UNO Q EchoGlow Workshop - Part 2
Why It Matters
It shows developers how to rapidly prototype edge‑AI devices, turning a simple Arduino board into a voice‑controlled smart lamp, accelerating IoT product development.
Key Takeaways
- •Update boards and install the Uno Q EchoGlow brick in App Lab.
- •Clone Qualcomm Arduino EdgeWS repo and run Linux setup commands.
- •Build and deploy keyword‑spotting AI model targeting Arduino Uno Q.
- •Save the generated EIM file and verify “in use” status.
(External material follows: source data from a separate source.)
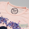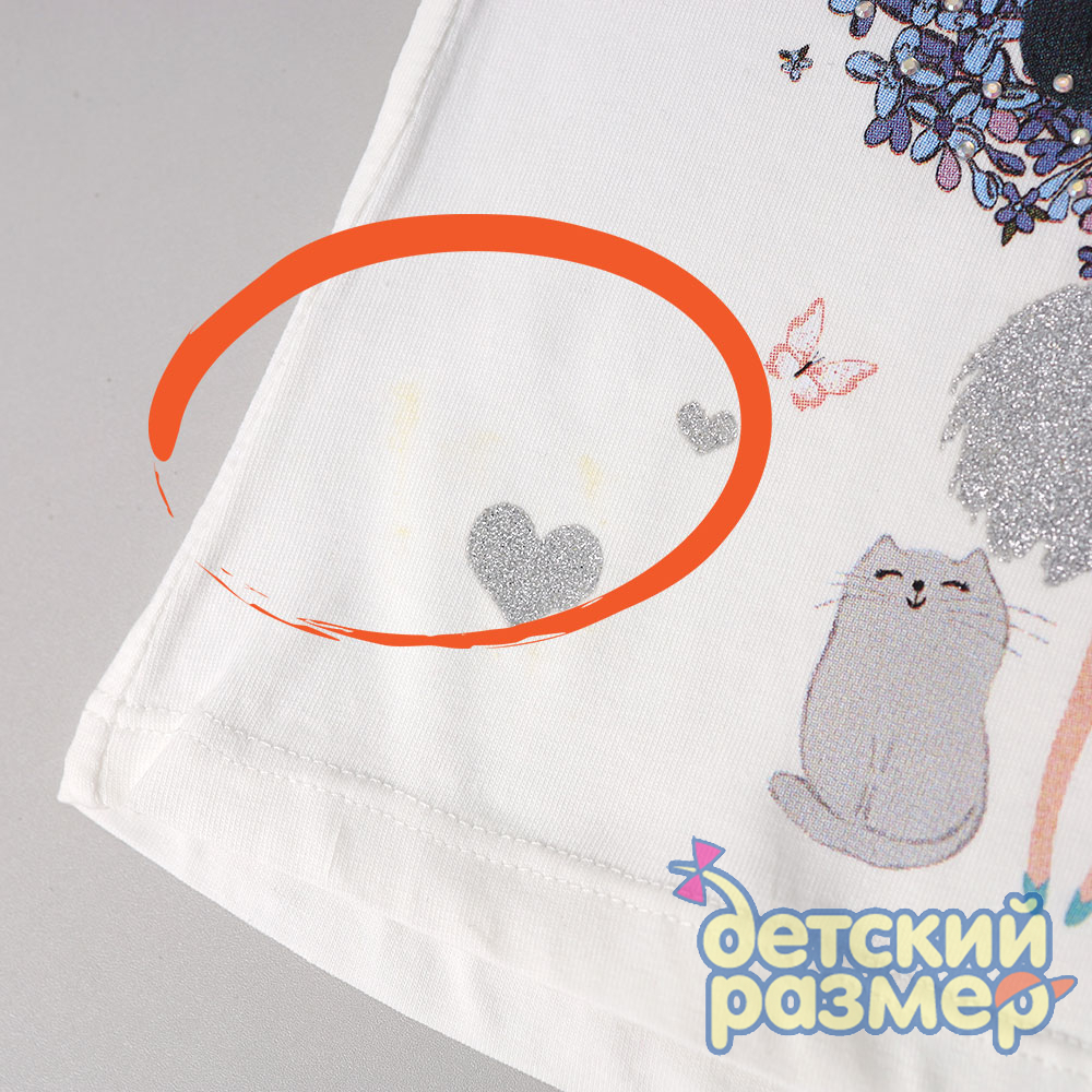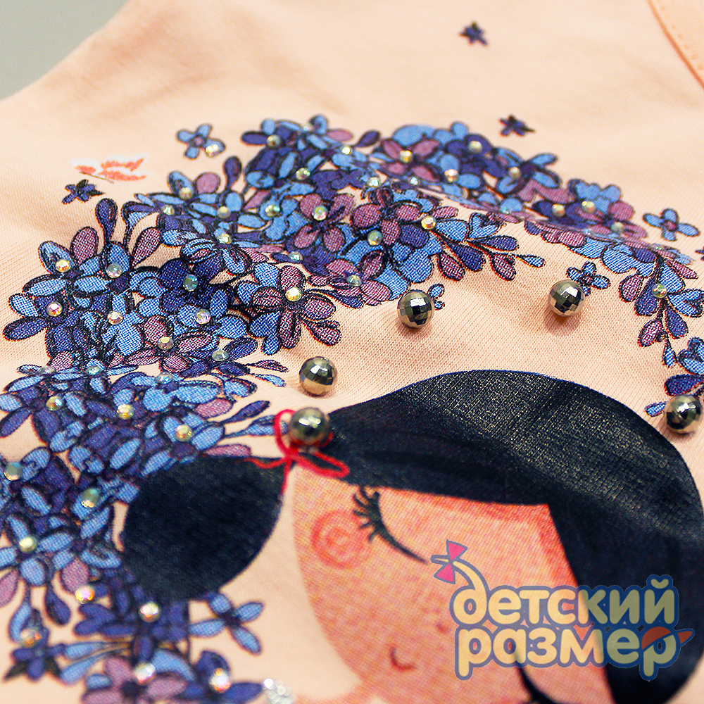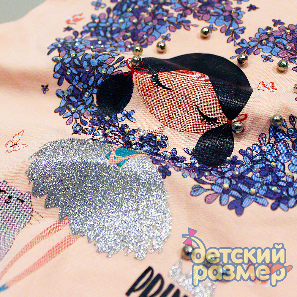 - на груди украшена ярким принтом с девочкой и цветочками (принт дополнен блестками и бусинками)
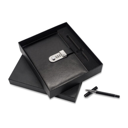 Zestaw notes z szyfrem i długopis WINDSOR czarny to elegancki komplet piśmienniczy, który zawiera zabezpieczony szyfrem notes i dopasowany długopis — idealny do notatek, planowania i jako prezent. Notes ma twardą okładkę, a długopis zapewnia płynne pisanie. Czarny kolor i funkcje zabezpieczenia; Produkt nadaje się do znakowania.
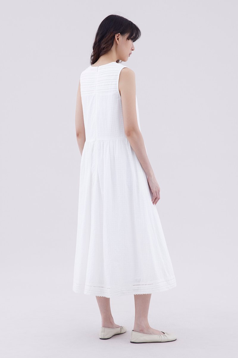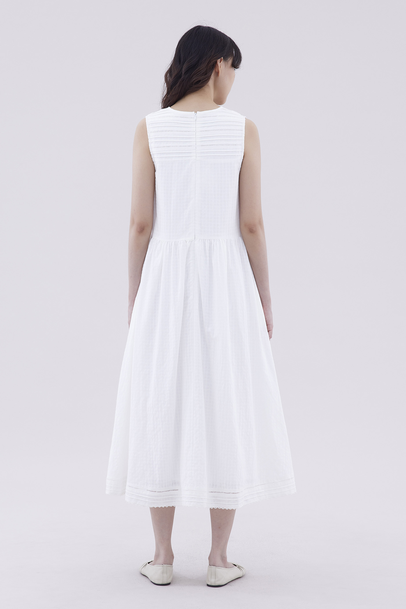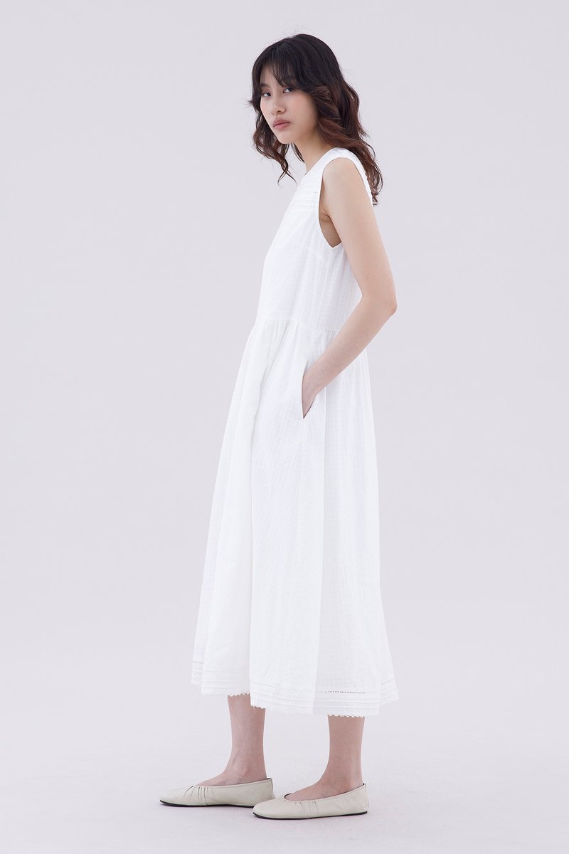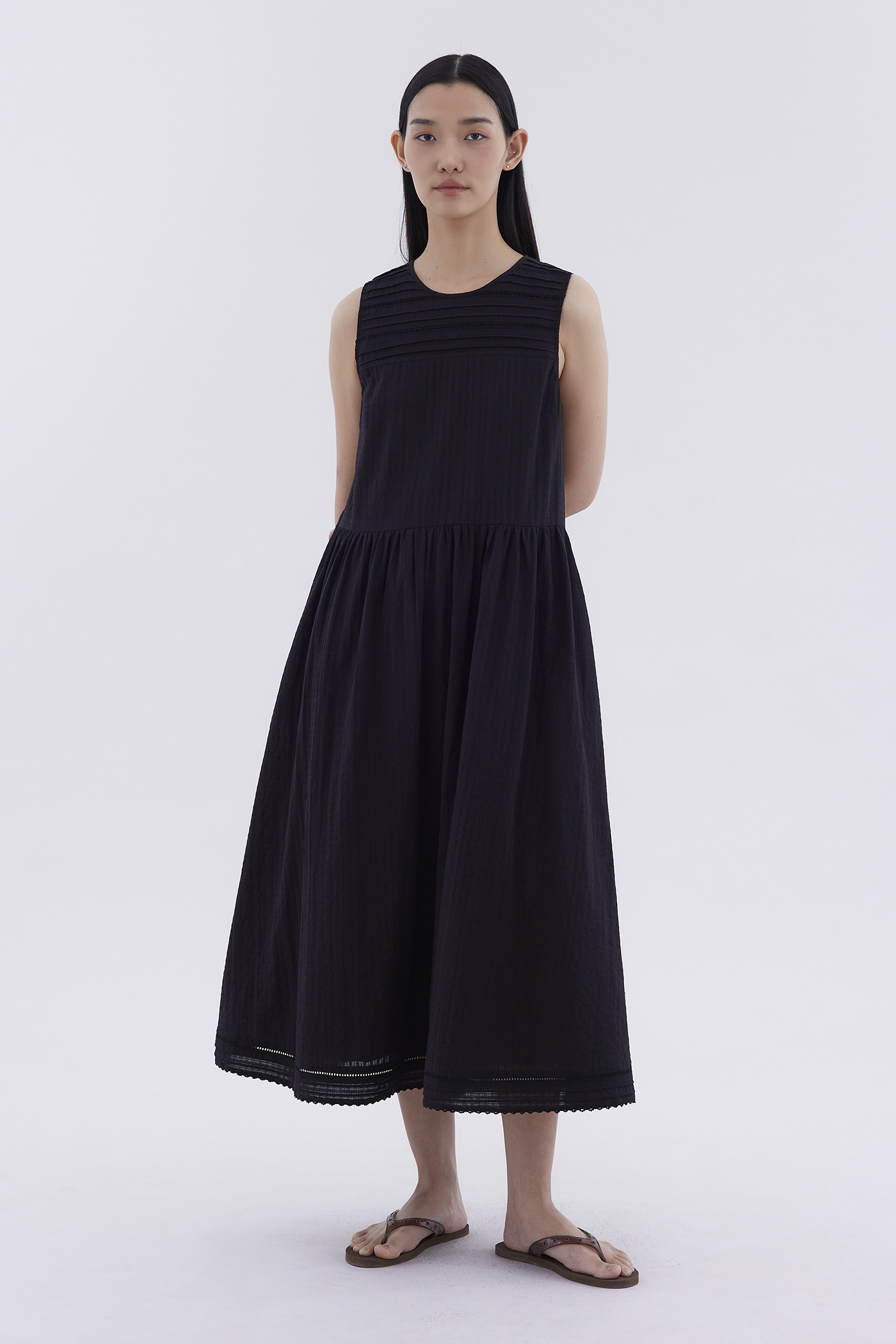 Light textures. Cut from airy and softly structured seersucker cotton, this sleeveless maxi dress features a round neckline, pin-tuck pleats, ladder lace and a back zip closure. Worn in a relaxed fit.
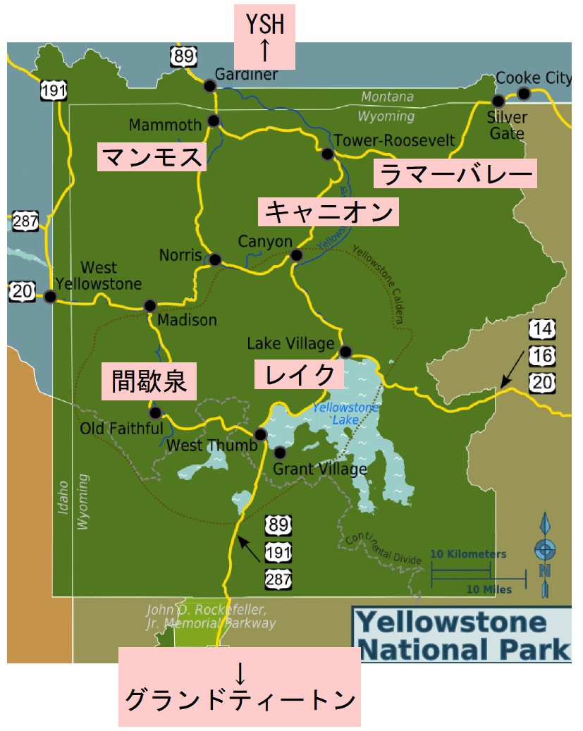 さて今日から本格的に公園内を回るので、いったんロッジを出ていろんなホテルを転々とする。以下のYSHはこのイエローストーンホライゾンズのロッジ
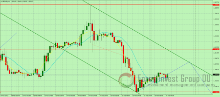 По минимумам двух дней сформировался новый нисходящий канал. Сейчас цена находится посредине канала и может продолжить снижение после приближения к верхней границе.
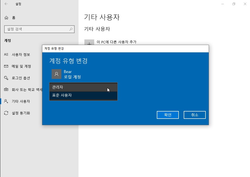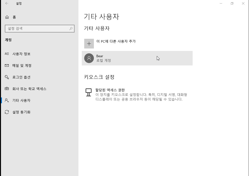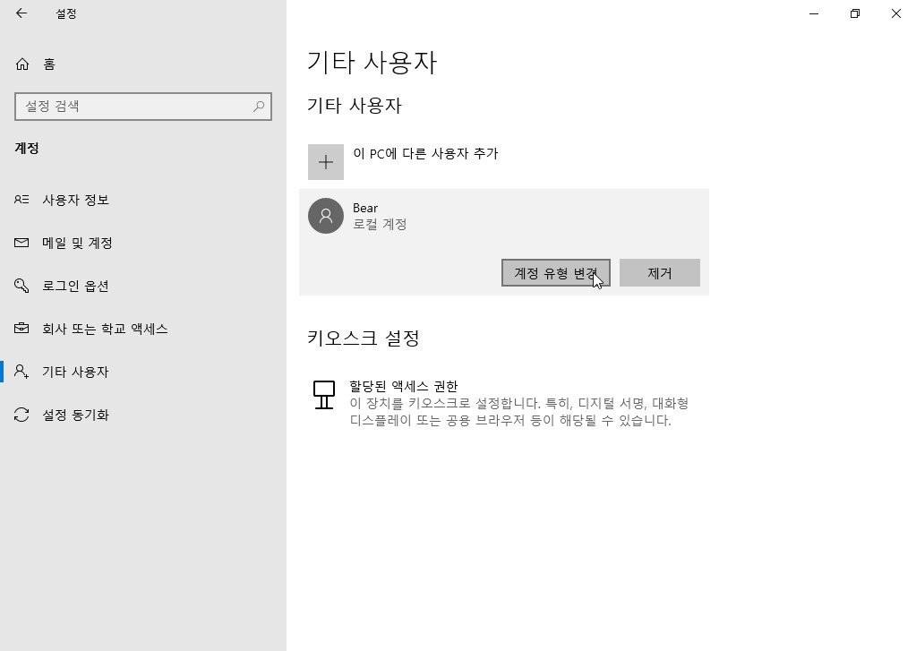 설정 - 계정 - 기타 사용자로 이동한 후 문제가 발생했던 계정을 클릭합니다.
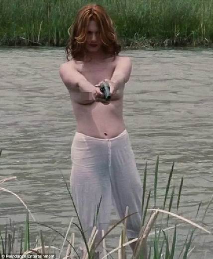 《Sweetwater》是一部西部片,預告片日前在英國首度曝光,珍妮艾莉瓊斯完全改變形象,除了將一頭招牌金髮染成紅色,在片中又騎馬又玩槍之外,已經是一子之母的她,更有一場在河邊裸露的演出,只見她上半身露點,下半身雖有薄紗覆蓋,但私處毛髮卻若隱若現,令她的好身材幾乎一覽無遺。
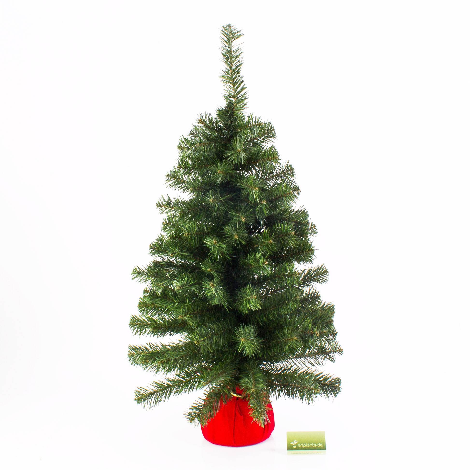 Mini faux sapin VARSOVIE de la nouvelle collection artplants mesurant environ 90 cm de haut et 50 cm de diamètre. Le petit arbre est livré dans son sac en tissu rouge. Les branches déjà fixées sur le tronc permettent une installation simple et très rapide du sapin.
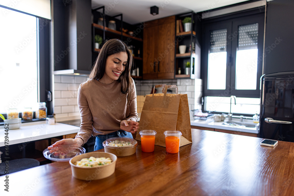 Happy woman unpacking a delicious takeaway food order in a stylish modern kitchen, enjoying the convenience of food delivery
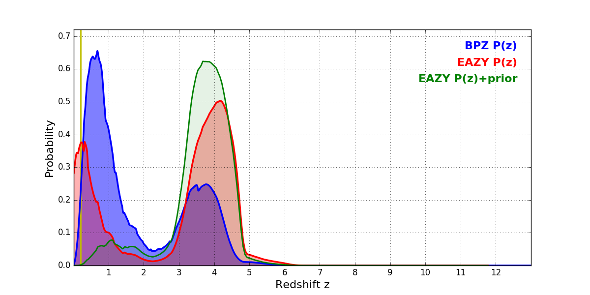 In P(z) plots: Yellow lines mark the cluster redshift z = 0.203,
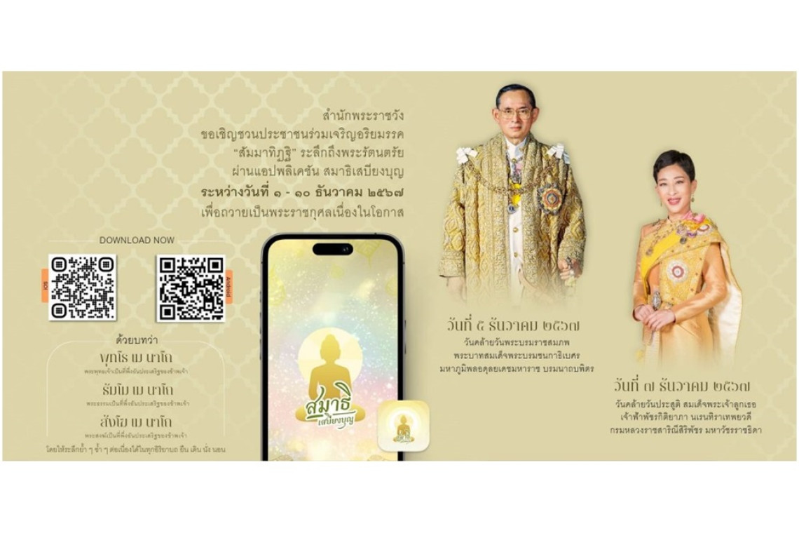 วันที่ 28 พ.ย.67 สำนักพระราชวัง ขอเชิญชวนประชาชนร่วมเจริญอริยมรรค “สัมมาทิฏฐิ” ระลึกถึงพระรัตนตรัย ว่าเป็นสรณะที่พึ่งที่ยึดถือ อันเป็นทางเป็นธรรมที่พระพุทธองค์ได้ตรัสไว้โดยชอบ เพื่อถวายเป็นพระราชกุศลเนื่องในโอกาสวันคล้ายวันพระบรมราชสมภพ พระบาทสมเด็จพระบรมชนกาธิเบศร มหาภูมิพลอดุลยเดชมหาราช บรมนาถบพิตร ในวันที่ 5 ธันวาคม 2567 และวันคล้ายวันประสูติ สมเด็จพระเจ้าลูกเธอ เจ้าฟ้าพัชรกิติยาภา นเรนทิราเทพยวดี กรมหลวงราชสาริณีสิริพัชร มหาวัชรราชธิดา ในวันที่ 7 ธันวาคม 2567 ผ่านแอปพลิเคชัน “สมาธิเสบียงบุญ” บันทึกเวลาการทำสมาธิเจริญจิตตภาวนา ตั้งแต่วันที่ 1 ธันวาคม 2567 เวลา 08.00 น. ถึง วันที่10 ธันวาคม 2567 เวลา 08.00 น. ทั้งนี้ สามารถ ดาวน์โหลดแอปพลิเคชันได้ทั้ง PLAY STORE และ APP STORE
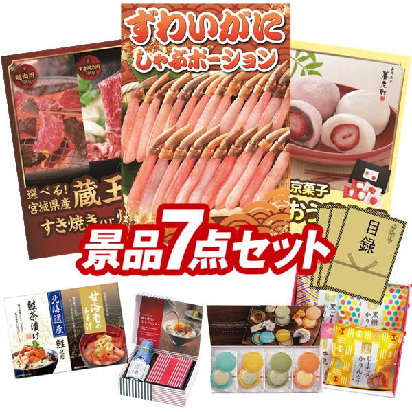 ランキング受賞★ ゴルフコンペ景品 7点セット 【ずわいがにしゃぶポーション、選べる!宮城県産蔵王牛(すき焼きor焼肉) 他】 送料無料!特大パネル・目録・特典付き!
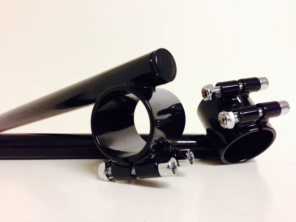 Pair of Black Universal 41 mm (1-5/8") Clip-on handlebars. Ideal for some years/models of Hinckley Triumph Bonnevilles, but can be fitted to almost any motorcycle with 41 mm fork tubes and 1" Controls.

- •Assemble three custom PCBs using ribbon and flat cables correctly.
Summary
The second part of the UNO Q EchoGlow workshop walks participants through preparing the hardware and deploying a keyword‑spotting AI model to turn the board into a smart lamp. It begins with updating Arduino boards, installing the pre‑packaged EchoGlow brick in App Lab, and cloning the Qualcomm Arduino EdgeWS GitHub repository before running a series of Linux commands on the device. Key steps include verifying the seven‑out‑of‑seven setup checks, performing a pseudo‑reboot, and selecting the Arduino Uno Q Qualcomm chip as the deployment target. After building the model, the workflow generates an EIM file, which must be saved and marked “in use” before flashing the board. The presenter emphasizes safety – warning that an untested model can be discarded – and highlights practical details such as copying example sketches, naming conventions, and the back‑and‑forth authentication between Edge Impulse and Arduino App Lab. Hardware assembly is covered in depth, with three custom PCBs (microphone, LEDs, shield) connected via ribbon and flat cables, and tips for correctly orienting connectors. Successfully completing these steps enables developers to prototype an AI‑enabled EchoGlow lamp, demonstrating a full end‑to‑end pipeline from model training to physical product integration, and illustrating best practices for edge‑AI deployment on Arduino’s Qualcomm‑based platform.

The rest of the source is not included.